Também consumidora das castanhas e nozes em seus produtos, a Mãe Terra, de 1979, se denomina a primeira empresa de produtos naturais do Brasil, com uma linha com 120 itens. “Trabalhamos num mercado que cresce 40% ao ano no país”, disse Marcela Scavone, gerente de Suprimentos da Mãe Terra. “Não usamos conservantes, aromas e corantes artificiais, mesmo sendo uma indústria”.

Segundo Marcela, o desafio é produzir alimentos para pronto consumo que sejam 100% naturais, com biscoitos e salgados feitos com alimentos orgânicos. E os mixes de nuts e frutas secas, por exemplo. “Não estamos falando de ser ou não natureba, mas de um negócio mesmo”, afirmou. “Espero muito que esse encontro na Fiesp cresça a cada ano”.

Saudável e rápido

Representante da Mintel, empresa de pesquisa de mercado, Naira Sato apontou tendências para a indústria de alimentos que envolvem os nuts.

Segundo ela, tudo passa pelo conceito de vida conveniente e agilidade, mas sem deixar de valorizar o fator saúde. “Cerca de 38% dos brasileiros dizem que cozinhar toma muito tempo”, explicou. “Por isso é interessante investir nos chamados ‘atalhos da cozinha’, como kits que permitem fazer refeições a partir de itens pré-prontos, deixando a preparação mais rápida”, disse. “No caso das castanhas e nozes,  pode ser usado um mix de salada com nuts, por exemplo”.

Também ganham força os lanches ou snacks para usar uma expressão do inglês. “São opções para comer em trânsito, de consumo fácil e rápido. Melhor ainda se trouxerem sensação de saciedade e forem saudáveis”, disse Naira. “Mais uma vez, a noção de velocidade aliada à saúde”.

Segundo ela, 83% dos consumidores brasileiros acham que vale a pena gastar mais com alimentos saudáveis. “Os fabricantes estão trabalhando para entregar produtos menos artificiais”, explicou. “A indústria precisa apresentar soluções”.

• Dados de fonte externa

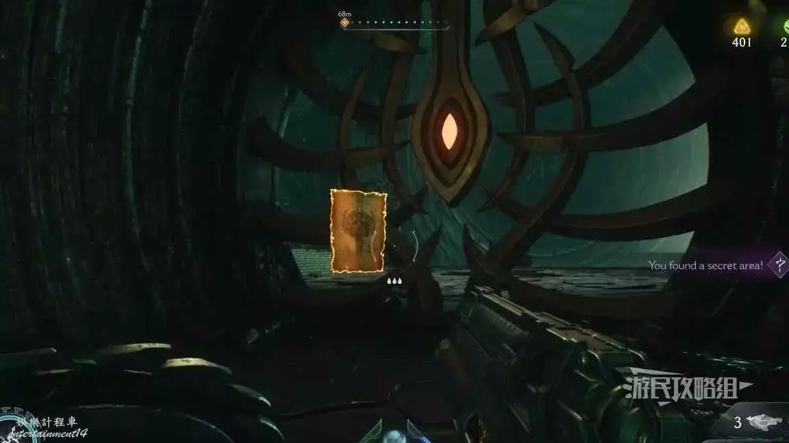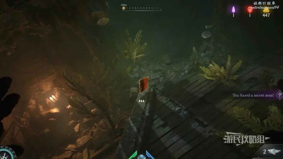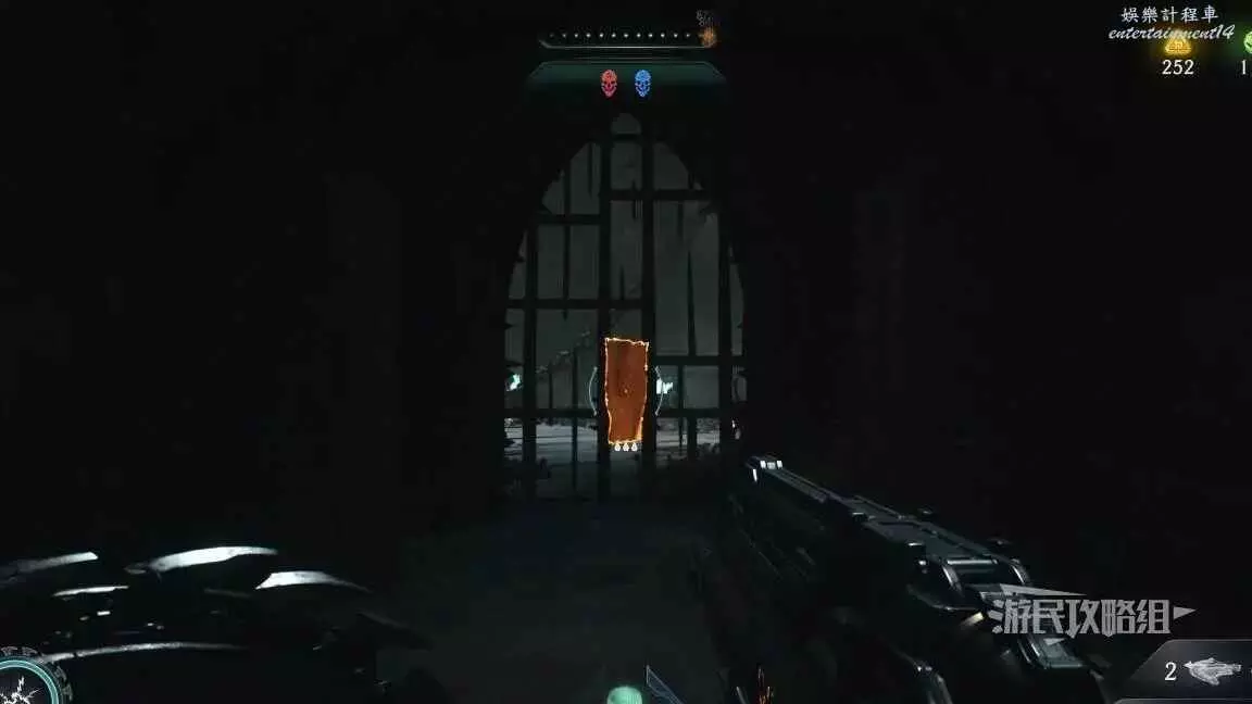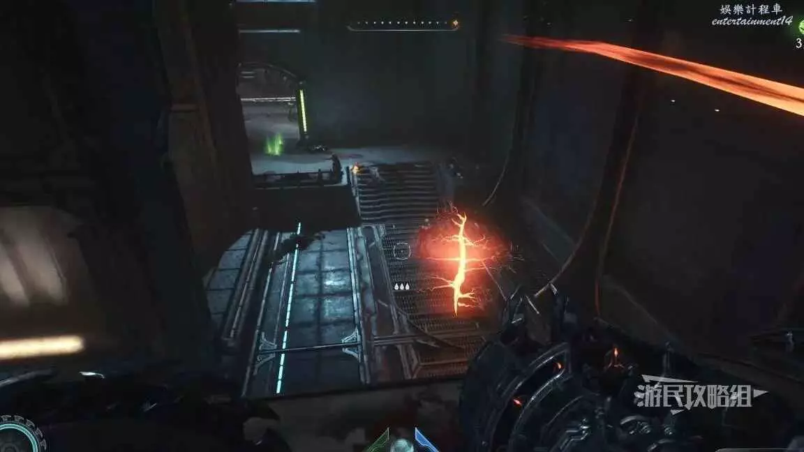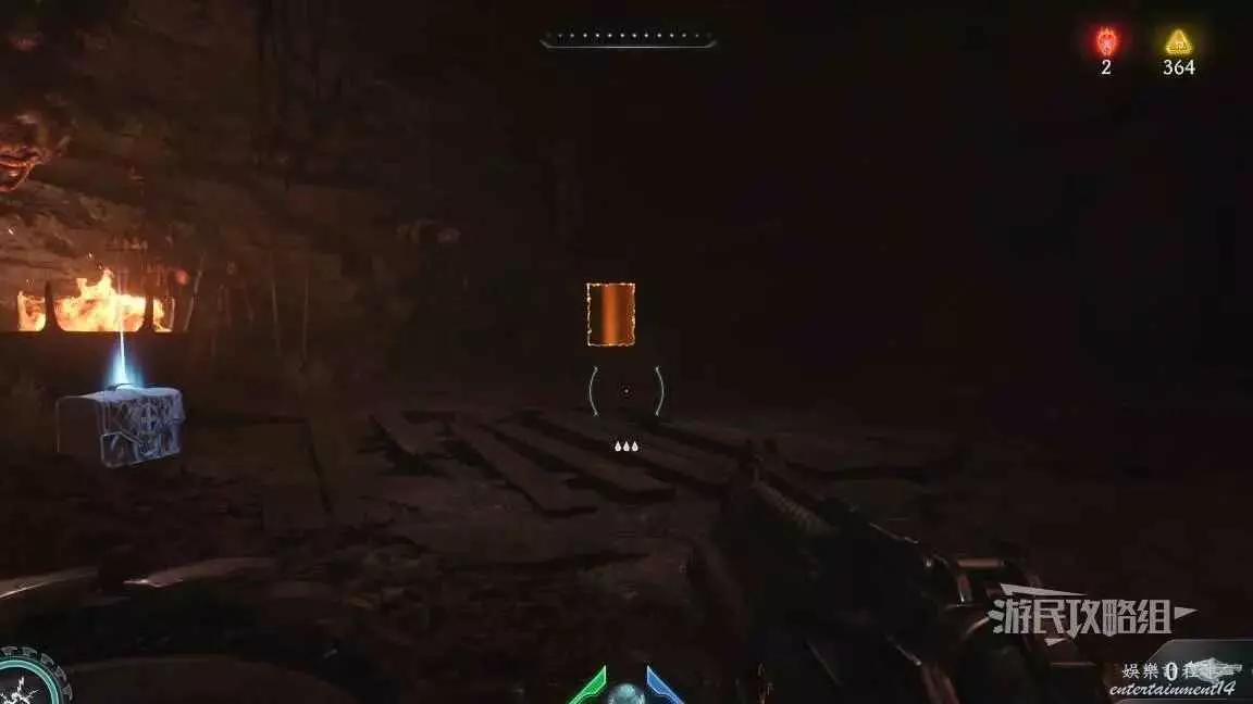 在第二章開頭需要拉動一個拉杆開啟一扇門,進門後直走就能到達下一個區域,經過兩側有綠色光條的門時,左轉跳過箱子就能進入秘密區域,百科條目就在這個秘密區域裡。
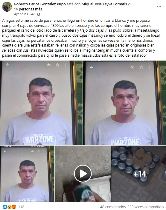 “Anoche llegó un hombre en un carro blanco y me propuso comprar cuatro cajas de cerveza a 4,800, las hallé en precio y se las compré”, se lee en la publicación de Facebook.
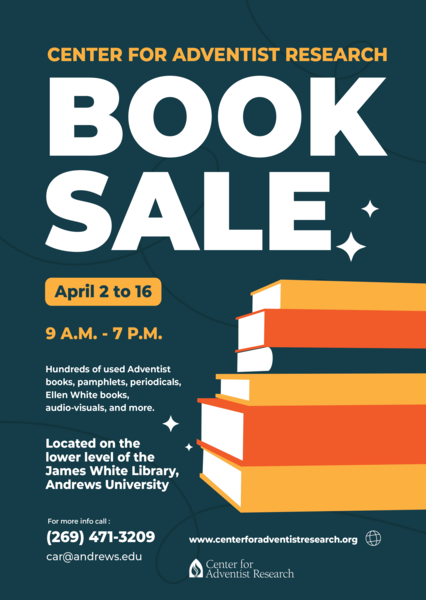 The books are competitively priced and will be less costly than at the various online sources for Adventist used books. We accept cash, checks and credit/debit cards. The sale begins on April 2 and will conclude on April 16. The sale hours will match the Center’s public hours: Monday to Thursday from 9 a.m.–7 p.m. and Friday from 9 a.m.–1 p.m. For more information, you may call the Center at 269-471-3209 or email car@andrews.edu.
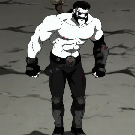 Lob0, Black Hair, Facial Hair, Red Eyes, Colored Sclera, Beard, Muscular, Muscular Male, Abs, Pectorals, Nipples

E por falar em soluções, de acordo com o vice-presidente do Ciesp e diretor de Nozes e Castanhas do Departamento de Agronegócio da Fiesp (Deagro), José Eduardo Camargo, a federação estuda fechar parcerias com órgãos internacionais para ações de estímulo à produção dos nuts no Brasil e na América do Sul.